- Opening Delimiter -

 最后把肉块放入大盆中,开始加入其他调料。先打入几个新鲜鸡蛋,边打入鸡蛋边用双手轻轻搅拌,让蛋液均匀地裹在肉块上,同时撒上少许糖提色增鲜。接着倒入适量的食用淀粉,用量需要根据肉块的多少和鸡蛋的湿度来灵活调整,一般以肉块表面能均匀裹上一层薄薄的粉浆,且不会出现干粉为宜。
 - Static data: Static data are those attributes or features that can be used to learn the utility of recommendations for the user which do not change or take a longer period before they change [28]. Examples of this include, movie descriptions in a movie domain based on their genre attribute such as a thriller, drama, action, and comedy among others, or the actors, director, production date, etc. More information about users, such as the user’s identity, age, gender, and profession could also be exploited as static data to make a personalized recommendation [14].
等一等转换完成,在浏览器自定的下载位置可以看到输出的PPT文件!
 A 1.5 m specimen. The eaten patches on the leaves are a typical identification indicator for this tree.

- Closing Delimiter -
- Opening Delimiter -

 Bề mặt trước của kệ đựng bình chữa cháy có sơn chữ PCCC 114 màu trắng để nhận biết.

- Closing Delimiter -
- Opening Delimiter -

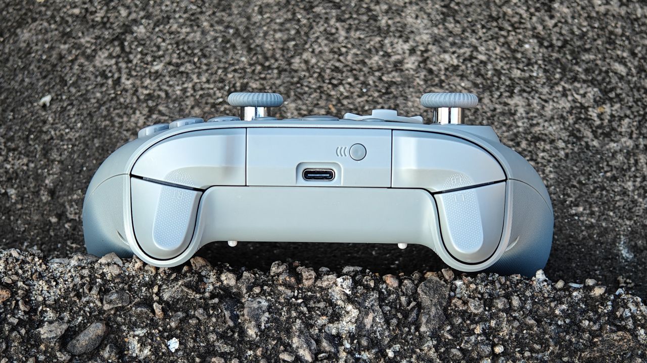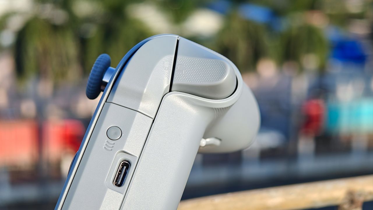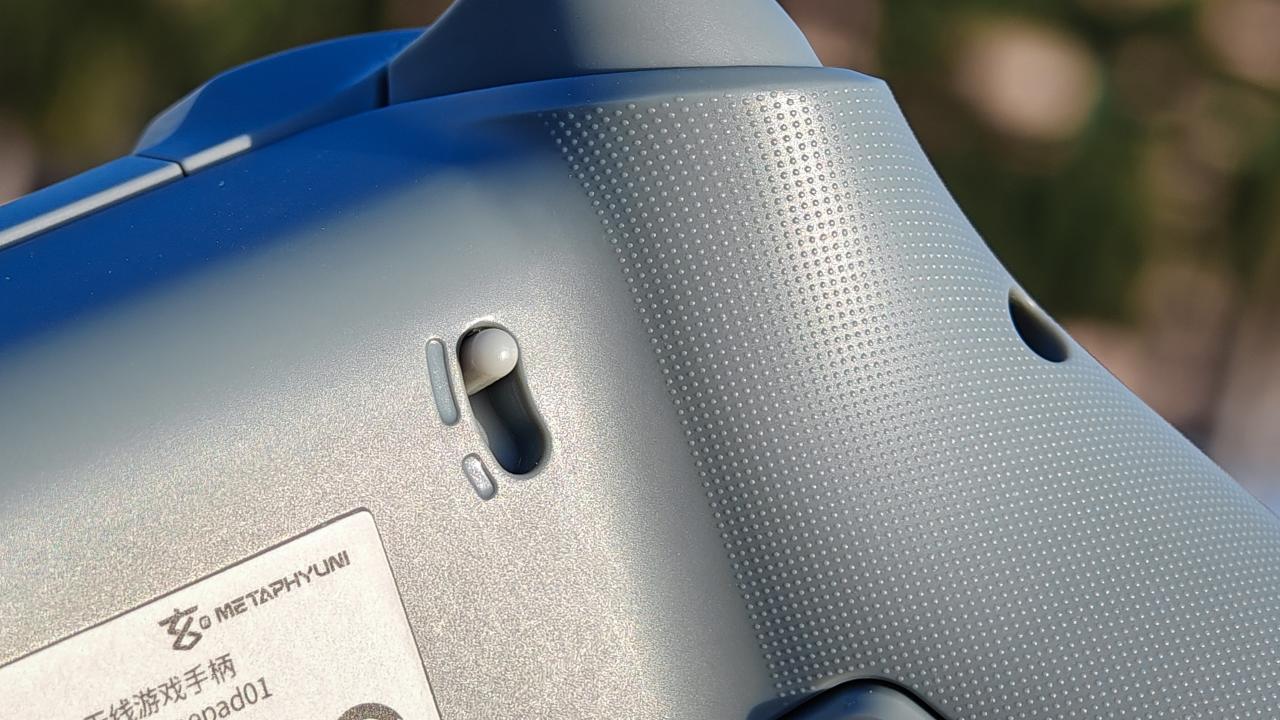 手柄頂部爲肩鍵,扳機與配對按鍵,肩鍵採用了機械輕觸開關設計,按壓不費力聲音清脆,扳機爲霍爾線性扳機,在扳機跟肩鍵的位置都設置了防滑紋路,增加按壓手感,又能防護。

- Closing Delimiter -

### TASK ITEM
Where the listing above reaches the line that contains "- Static data: Static", start retyping, and finish with the line that contains "A 1.5 m specimen."; reproduce those lines exactly and no others.

### TASK ANSWER
 - Static data: Static data are those attributes or features that can be used to learn the utility of recommendations for the user which do not change or take a longer period before they change [28]. Examples of this include, movie descriptions in a movie domain based on their genre attribute such as a thriller, drama, action, and comedy among others, or the actors, director, production date, etc. More information about users, such as the user’s identity, age, gender, and profession could also be exploited as static data to make a personalized recommendation [14].
等一等转换完成,在浏览器自定的下载位置可以看到输出的PPT文件!
 A 1.5 m specimen. The eaten patches on the leaves are a typical identification indicator for this tree.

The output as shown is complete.